Lithium-Sulfur (LiS) batteries are a front runner for next-generation secondary battery systems. This is partially due to the low cost, relative abundance, and environmentally benign nature of their active materials, but arguably most important is the order of magnitude increase in theoretical specific capacity of LiS cells compared to current state of the art lithium-metal oxide systems (~1,600 mAhg^-1 vs ~160mAhg^-1, respectively). Despite these inherent benefits, the commercialization of LiS systems has been impeded by a rapid loss of capacity upon repeated cycling due to the complexities of lithiation and delithiation at the carbon/sulfur composite cathode.

During discharge, elemental sulfur is sequentially reduced to lithium sulfide following the reaction S₈ + 16Li⁺ + 16e^-→ 8Li₂S_, where intermediates Li₂S_(8-2) are formed, their length depending on depth of discharge. Long-chain lithium polysulfides (LiPS), Li₂S_(8-4) are highly soluble in organic electrolytes and, once solvated, will migrate to the lithium metal anode. This leads to permanent capacity loss and internal shorting via lithium polysulfide redox shuttling. To combat this limitation, extensive efforts have been focused on trapping long-chain LiPS by both: 1. physically confining them in mesoporous carbons, and 2. chemically inducing electrostatic attractions with electron rich heteroatoms on the cathode.

In this work we not only aim to find synergy between these two approaches, but also investigate the potential for doubling the binding energy of electrostatic interactions by covalent tethering of long chain LiPS to the cathode surface via reversible di-sulfide bonding.
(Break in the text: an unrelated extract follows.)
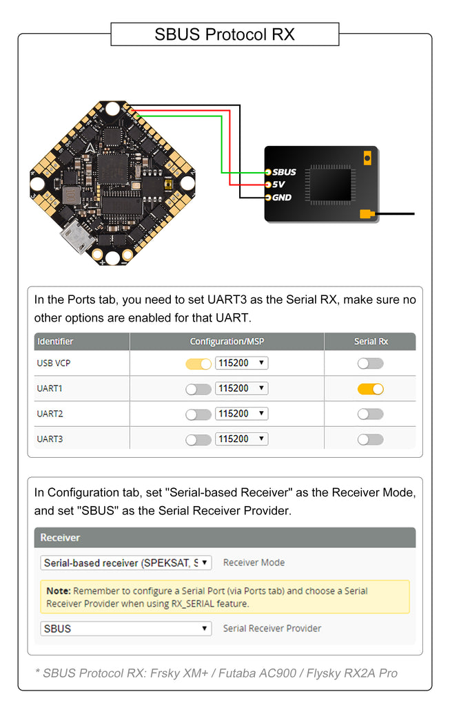 - Receiver: Support Frsky XM/XM+ Receiver/ Futaba Receiver/ Flysky Receiver/ TBS Crossfire Receiver/DSMX Receiver

Through a highly tunable one-step reaction, we functionalize mesoporous carbon surfaces with aromatic small molecules using in-situ generation of diazonium radicals. The flexibility of our approach allows for the introduction of a wide variety of surface functionality, and thus a platform to broaden our understanding of cathode/electrolyte interactions.
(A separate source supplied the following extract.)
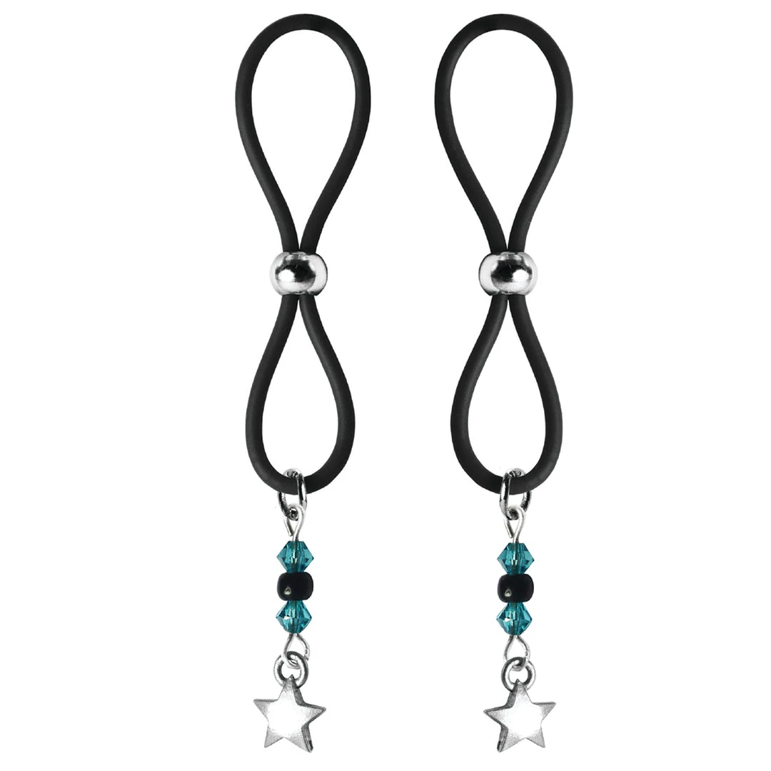 A simple and sexy way to adorn the nipples. Body safe silicone halos will tighten around the base of the nipple by sliding the bead to the desired pressure. Enjoy increased sensitivity to your nipples while looking beautiful.

Our current progress focuses on the spectroscopic, physical, and electrochemical characterization of a thiophenol terminated carbon. Through this work we have demonstrated not only successful modification of carbon particles, but an ability to control the density of modifier groups on the surface. In conjunction with finding an optimal concentration of surface modifiers, we investigate the role of modifiers and carbon pore size in modulating the kinetics and capacity retention of LiS cells. By optimizing pore-size and modifier concentration, we have drastically increased the cycle life of our devices, which maintain >900 mAhg^-1 over 150+ cycles at 0.1C. We hypothesize that the mechanism responsible for this improvement is a reversible covalent interaction based on electrochemical measurements, which indicate a concentration-dependent shift toward solid-phase reaction pathways.